▶ Extracted records
┄┄┄┄┄┄┄┄┄┄┄┄┄┄┄┄┄┄┄┄

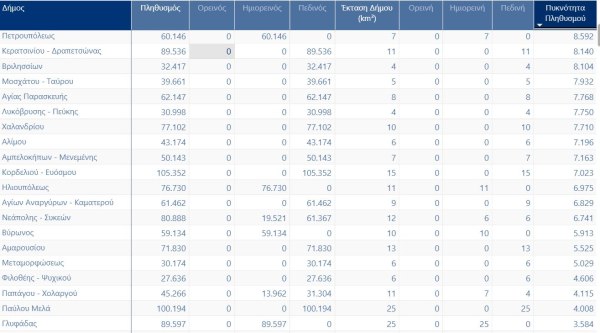 Οι αριθμοί δεν λένε ποτέ όλη την αλήθεια. Στην περίπτωση όμως των ελληνικών δήμων, αποκαλύπτουν μια έντονη αντίθεση: από τη μία, αστικά κέντρα όπου χιλιάδες άνθρωποι «στριμώχνονται» σε κάθε τετραγωνικό χιλιόμετρο και από την άλλη, τεράστιες εκτάσεις με ελάχιστους κατοίκους. Και στις δύο περιπτώσεις, οι τοπικές κοινωνίες δοκιμάζονται — απλώς με διαφορετικό τρόπο.
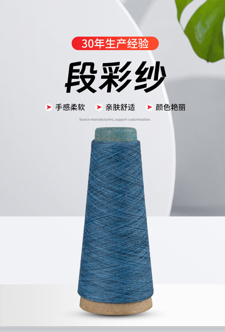 棉涤段染纱32支段彩纱 蓝色双色段彩32S 色纺纱可订纺
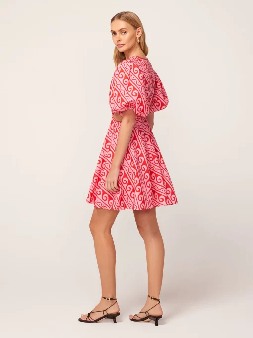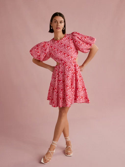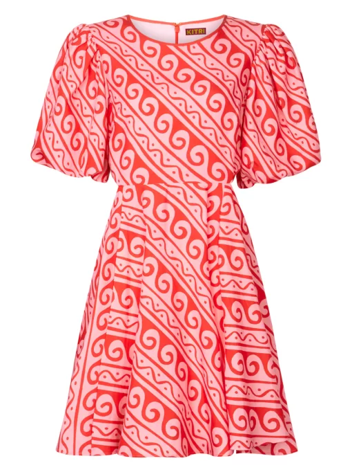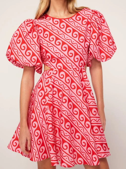Make mine a mini. Coco’s round neck and flirtatious cutouts are tempered by voluminous flared sleeves and half-circle full skirt (perfect for swishing). Her Pink Wave print is inspired by the art of ancient Greek ceramics in a #KITRIgirls favourite colour combination.
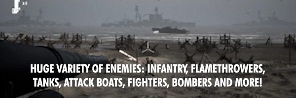 Huge variety of enemies, including marines, paratroopers, bazookas, flamethrowers, attack boats, jeeps, tanks, armored cars, halftraks, fighters, bombers and more!
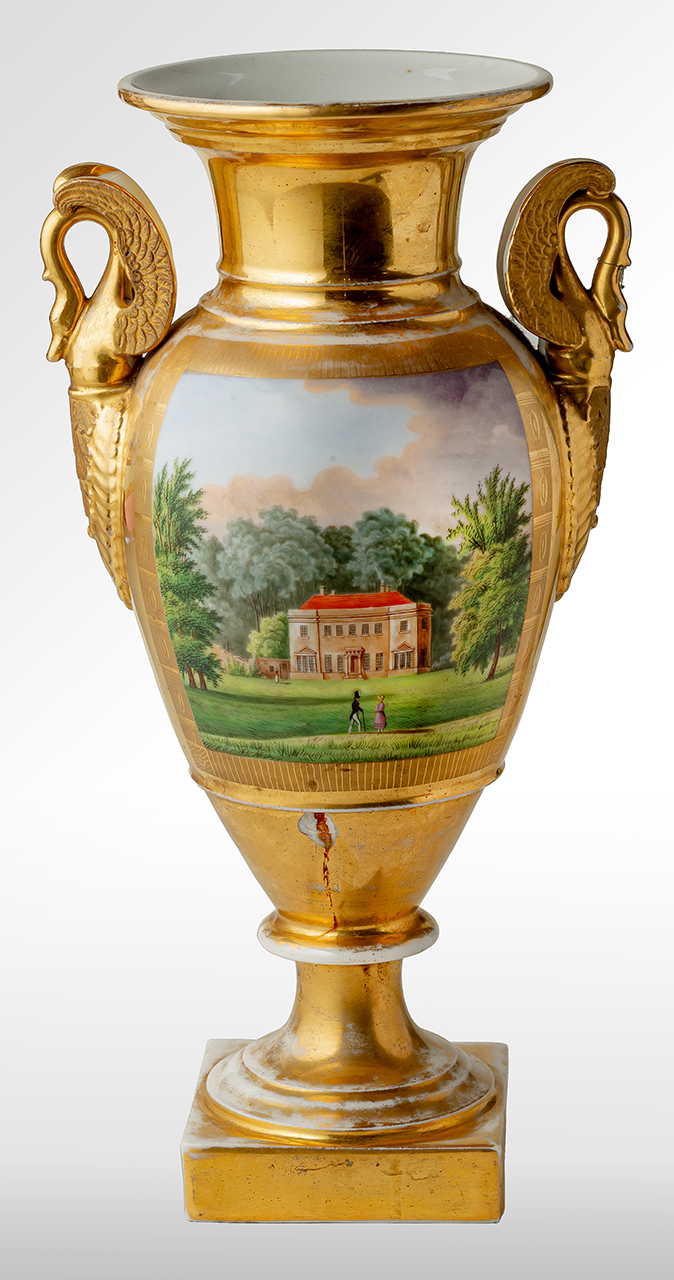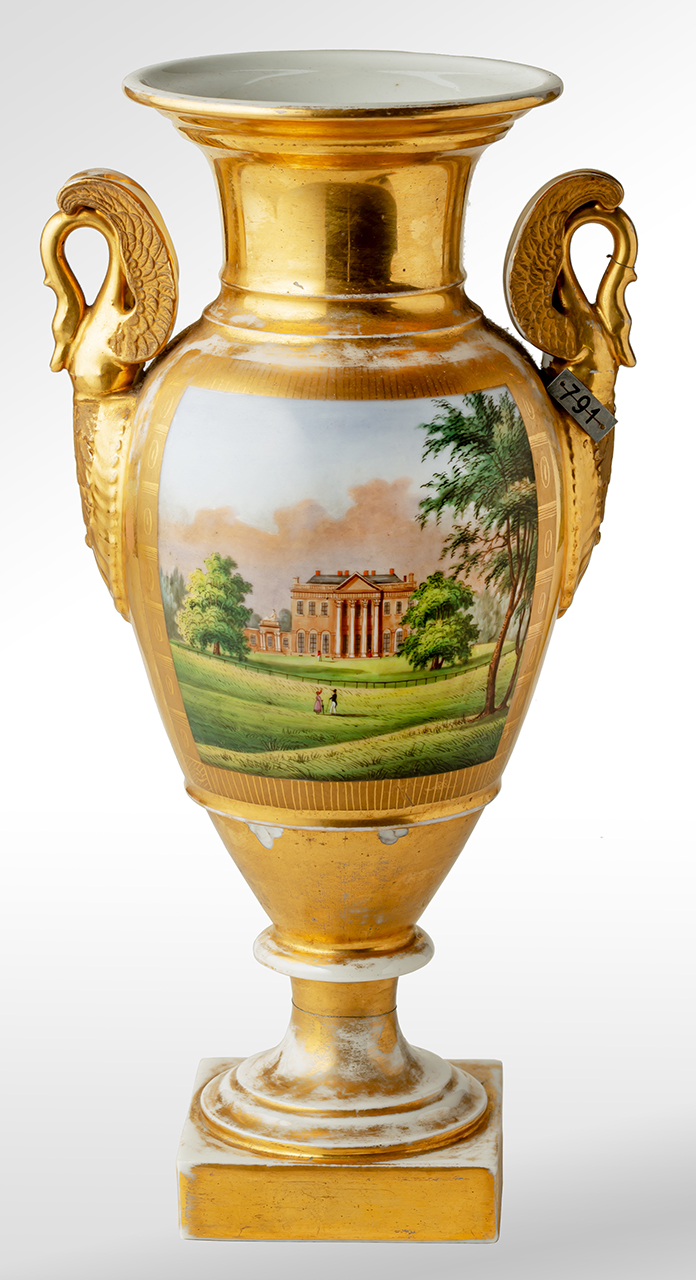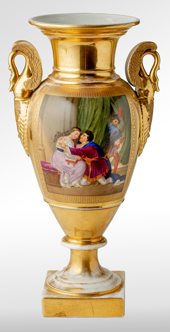 - NOTIZIE STORICO CRITICHE La doratura greve e abbondante, e l'adesione, nei riquadri figurati, ai temi tipici e consueti nella pittura del "Romanticismo storico" e del vedutismo ottocentesco, rivelano la piena appartenenza delle due porcellane alla prima metà dell'Ottocento (cfr. Mottola-Molfino, 1977). Le due scene infatti, vere e proprie miniature, orchestrate su toni freddi e brillanti con fine minuziosa descrittiva, offrono un esempio probante e significativo della riduzione della storia ad aneddoto per una fruizione più immediata e borghese. Caterina Olcese nella sua revisione del 1985 scrive: "un interessante confronto per questi vasi è quello con gli esemplari pubblicati da V. Brosio (1960); si tratta di vasi di probabile produzione italiana, databili al terzo e quarto decennio dell'Ottocento, in cui si evidenzia l'appesantimento di forme Impero derivate dalla Francia"
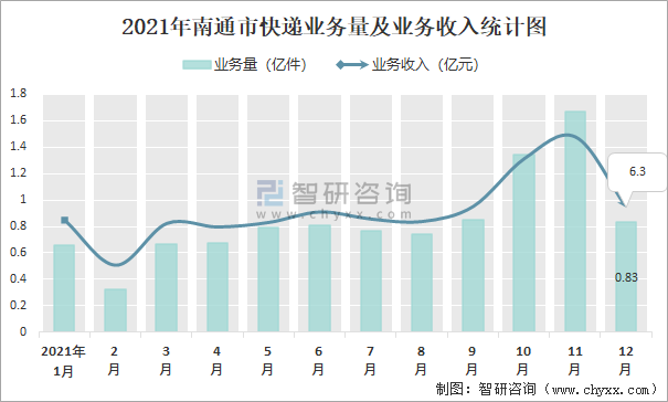 2021年南通市快遞業(yè)務(wù)量及業(yè)務(wù)收入統(tǒng)計(jì)圖
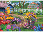 Step into a cheerful cottage garden bursting with color, where a pair of patterned rain boots overflows with sunny blooms. Extra-thick, oversize pieces are easy to grasp and click together with a satisfying fit. The full reference image is printed inside the box lid, and the puzzle can be completed and stored right in the box—an uplifting family activity that supports focus, patience, and fine motor skills.
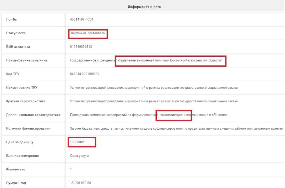 На сайте госзакупок сообщается, что одна услуга по "формированию антиконституционного мышления" оценивается в 15 миллионов тенге. При этом, указано, что деньги будут выделены из бюджетных средств.
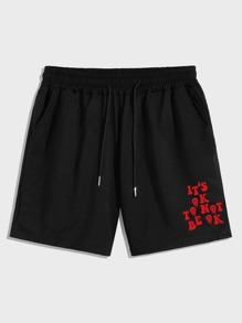 Hombres Shorts con estampado de slogan
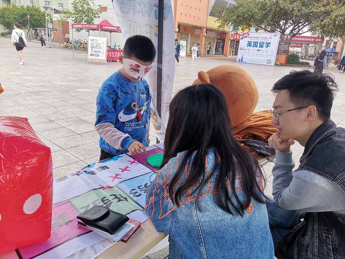 在活动负责人向志愿者们详细讲解完活动规则后,各位志愿者都积极地参与到宣传活动中。活动主要由“猫狗大富翁”小游戏构成,参与人员通过完成不同任务了解到不同的科普小知识并获得相应奖品。活动总共有6大任务,每个任务都有助于参与人员学习到有趣的流浪猫狗小知识。活动开始没多久,活动中的“猫狗大富翁”小游戏很快就引起了多名路过同学的注意,志愿者们也十分热情地邀请了同学们参与活动。活动过程中充满了欢声笑语,参与的同学们不仅了解到了关于流浪猫狗的小知识,还收获了快乐。
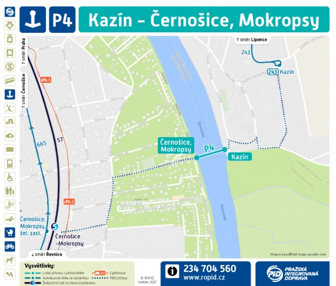 The ferry departs from the Kazín wharf, approximately 450 meters from the 243 bus line and cruises towards Černošice- Mokropsy, located 600 meters from the railway station Černošice-Mokropsy which operates on line S7.
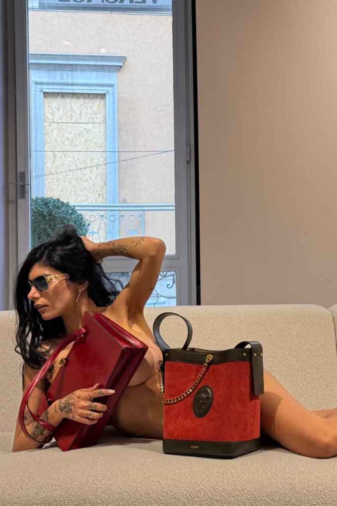 In the recently posted photos, Khalifa posed confidently on a cream-colored couch while holding a bright red Versace handbag across her chest, effectively using it as her top. The unique styling created a striking contrast against the neutral background and added a high-fashion editorial feel to the shoot.
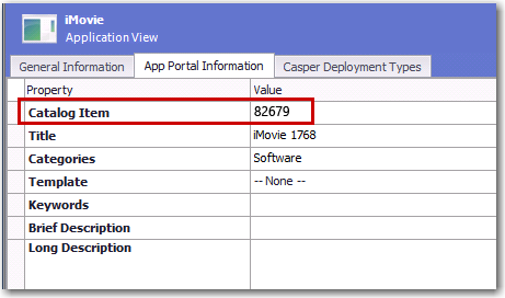 Click OK. When this application is published to System Center 2012 Configuration Manager, Symantec Altiris Management Suite, or Casper Suite Server, an App Portal catalog item will be automatically created, and the Catalog Item field on the App Portal Information view will display the App Portal Catalog ID for that catalog item:
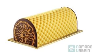 Hommage à la Corse avec une bûche aux couleurs ensoleillée, où se mêlent agrume et chocolat. Un sorbet clémentine s’associe à une glace chocolat, complété par une compotée à base de clémentines de Corse, le tout sur un biscuit aux amandes. La seule touche continentale est ma décoration en chocolat originaire d’Alsace.
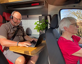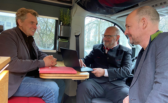 In Film-Recht-Mobil sind persönliche Besprechungen im kleinen Kreis möglich. Mit der Video-Konferenzanlage sind natürlich aus dem Van heraus von überall her Rechtsberatungen machbar.
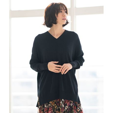 【WEB限定カラー有/洗える】コットンアセテート チュニック丈ニット
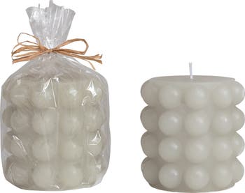 This intricately carved pillar candle showcases a striking hobnail design; 100% Paraffin Wax; 4" L x 4" W x 4" H
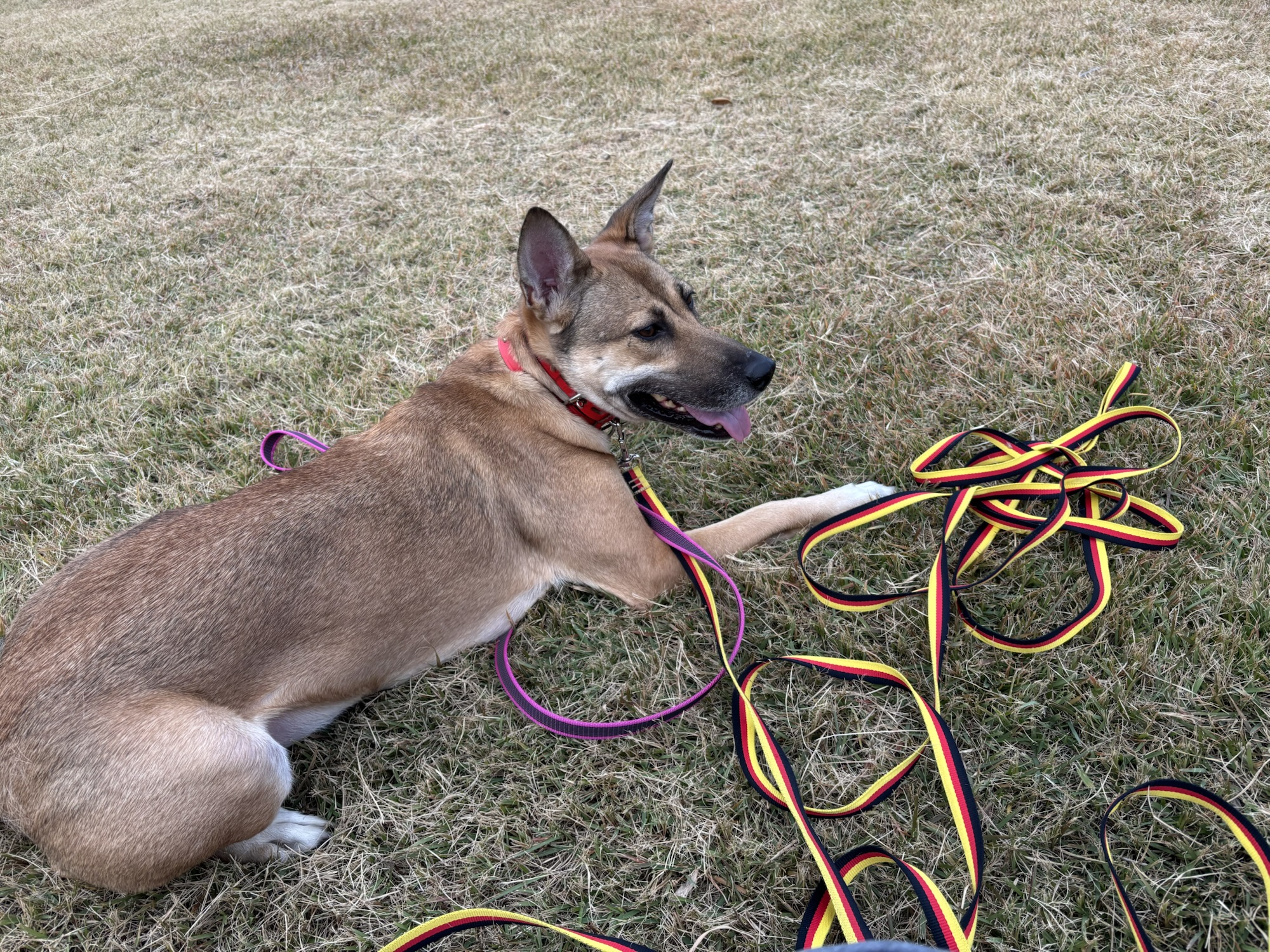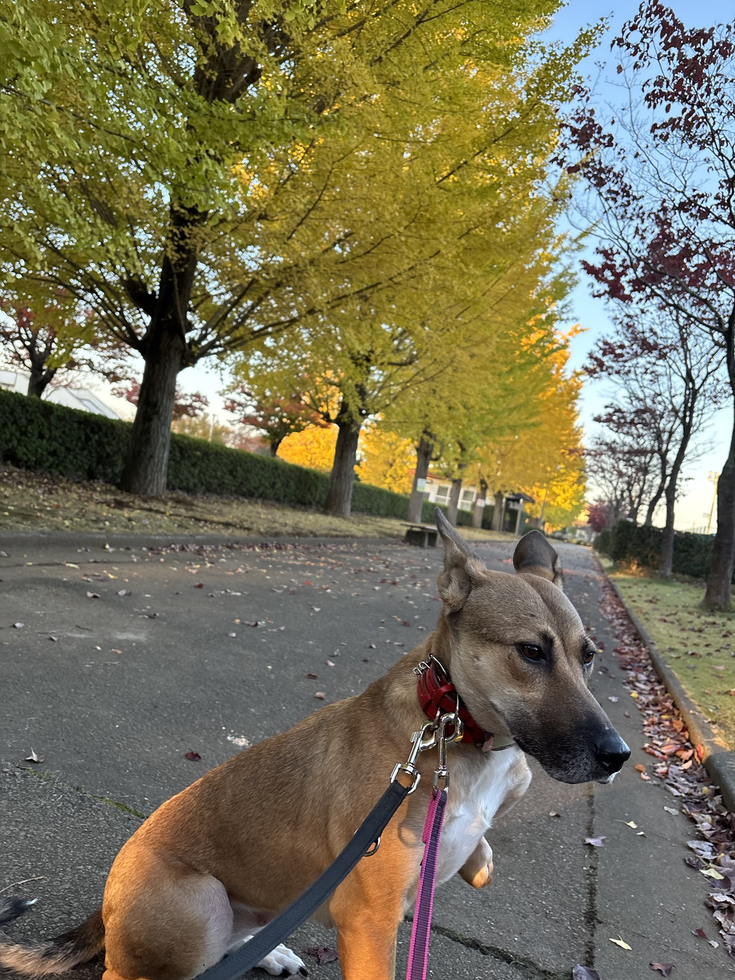 2025年11月15日 トゥルーたん♀(雑種)新教育係になりました。,ミク♀雑種(里親募集中),お散歩練習,リード練習,車に乗る練習,保護犬,収容犬情報,ドッグトレーニングの様子,保護わん家族となかまたちプロジェクト,記事リンクのシェア 紅葉と寝ぐせ

┄┄┄┄┄┄┄┄┄┄┄┄┄┄┄┄┄┄┄┄

▶ What is needed
Set down the entries above exactly, and keep every picture out of your copy.

▶ Answer to the exercise
 Οι αριθμοί δεν λένε ποτέ όλη την αλήθεια. Στην περίπτωση όμως των ελληνικών δήμων, αποκαλύπτουν μια έντονη αντίθεση: από τη μία, αστικά κέντρα όπου χιλιάδες άνθρωποι «στριμώχνονται» σε κάθε τετραγωνικό χιλιόμετρο και από την άλλη, τεράστιες εκτάσεις με ελάχιστους κατοίκους. Και στις δύο περιπτώσεις, οι τοπικές κοινωνίες δοκιμάζονται — απλώς με διαφορετικό τρόπο.
 棉涤段染纱32支段彩纱 蓝色双色段彩32S 色纺纱可订纺
Make mine a mini. Coco’s round neck and flirtatious cutouts are tempered by voluminous flared sleeves and half-circle full skirt (perfect for swishing). Her Pink Wave print is inspired by the art of ancient Greek ceramics in a #KITRIgirls favourite colour combination.
 Huge variety of enemies, including marines, paratroopers, bazookas, flamethrowers, attack boats, jeeps, tanks, armored cars, halftraks, fighters, bombers and more!
 - NOTIZIE STORICO CRITICHE La doratura greve e abbondante, e l'adesione, nei riquadri figurati, ai temi tipici e consueti nella pittura del "Romanticismo storico" e del vedutismo ottocentesco, rivelano la piena appartenenza delle due porcellane alla prima metà dell'Ottocento (cfr. Mottola-Molfino, 1977). Le due scene infatti, vere e proprie miniature, orchestrate su toni freddi e brillanti con fine minuziosa descrittiva, offrono un esempio probante e significativo della riduzione della storia ad aneddoto per una fruizione più immediata e borghese. Caterina Olcese nella sua revisione del 1985 scrive: "un interessante confronto per questi vasi è quello con gli esemplari pubblicati da V. Brosio (1960); si tratta di vasi di probabile produzione italiana, databili al terzo e quarto decennio dell'Ottocento, in cui si evidenzia l'appesantimento di forme Impero derivate dalla Francia"
 2021年南通市快遞業(yè)務(wù)量及業(yè)務(wù)收入統(tǒng)計(jì)圖
 Step into a cheerful cottage garden bursting with color, where a pair of patterned rain boots overflows with sunny blooms. Extra-thick, oversize pieces are easy to grasp and click together with a satisfying fit. The full reference image is printed inside the box lid, and the puzzle can be completed and stored right in the box—an uplifting family activity that supports focus, patience, and fine motor skills.
 На сайте госзакупок сообщается, что одна услуга по "формированию антиконституционного мышления" оценивается в 15 миллионов тенге. При этом, указано, что деньги будут выделены из бюджетных средств.
 Hombres Shorts con estampado de slogan
 在活动负责人向志愿者们详细讲解完活动规则后,各位志愿者都积极地参与到宣传活动中。活动主要由“猫狗大富翁”小游戏构成,参与人员通过完成不同任务了解到不同的科普小知识并获得相应奖品。活动总共有6大任务,每个任务都有助于参与人员学习到有趣的流浪猫狗小知识。活动开始没多久,活动中的“猫狗大富翁”小游戏很快就引起了多名路过同学的注意,志愿者们也十分热情地邀请了同学们参与活动。活动过程中充满了欢声笑语,参与的同学们不仅了解到了关于流浪猫狗的小知识,还收获了快乐。
 The ferry departs from the Kazín wharf, approximately 450 meters from the 243 bus line and cruises towards Černošice- Mokropsy, located 600 meters from the railway station Černošice-Mokropsy which operates on line S7.
 In the recently posted photos, Khalifa posed confidently on a cream-colored couch while holding a bright red Versace handbag across her chest, effectively using it as her top. The unique styling created a striking contrast against the neutral background and added a high-fashion editorial feel to the shoot.
 Click OK. When this application is published to System Center 2012 Configuration Manager, Symantec Altiris Management Suite, or Casper Suite Server, an App Portal catalog item will be automatically created, and the Catalog Item field on the App Portal Information view will display the App Portal Catalog ID for that catalog item:
 Hommage à la Corse avec une bûche aux couleurs ensoleillée, où se mêlent agrume et chocolat. Un sorbet clémentine s’associe à une glace chocolat, complété par une compotée à base de clémentines de Corse, le tout sur un biscuit aux amandes. La seule touche continentale est ma décoration en chocolat originaire d’Alsace.
 In Film-Recht-Mobil sind persönliche Besprechungen im kleinen Kreis möglich. Mit der Video-Konferenzanlage sind natürlich aus dem Van heraus von überall her Rechtsberatungen machbar.
 【WEB限定カラー有/洗える】コットンアセテート チュニック丈ニット
 This intricately carved pillar candle showcases a striking hobnail design; 100% Paraffin Wax; 4" L x 4" W x 4" H
 2025年11月15日 トゥルーたん♀(雑種)新教育係になりました。,ミク♀雑種(里親募集中),お散歩練習,リード練習,車に乗る練習,保護犬,収容犬情報,ドッグトレーニングの様子,保護わん家族となかまたちプロジェクト,記事リンクのシェア 紅葉と寝ぐせ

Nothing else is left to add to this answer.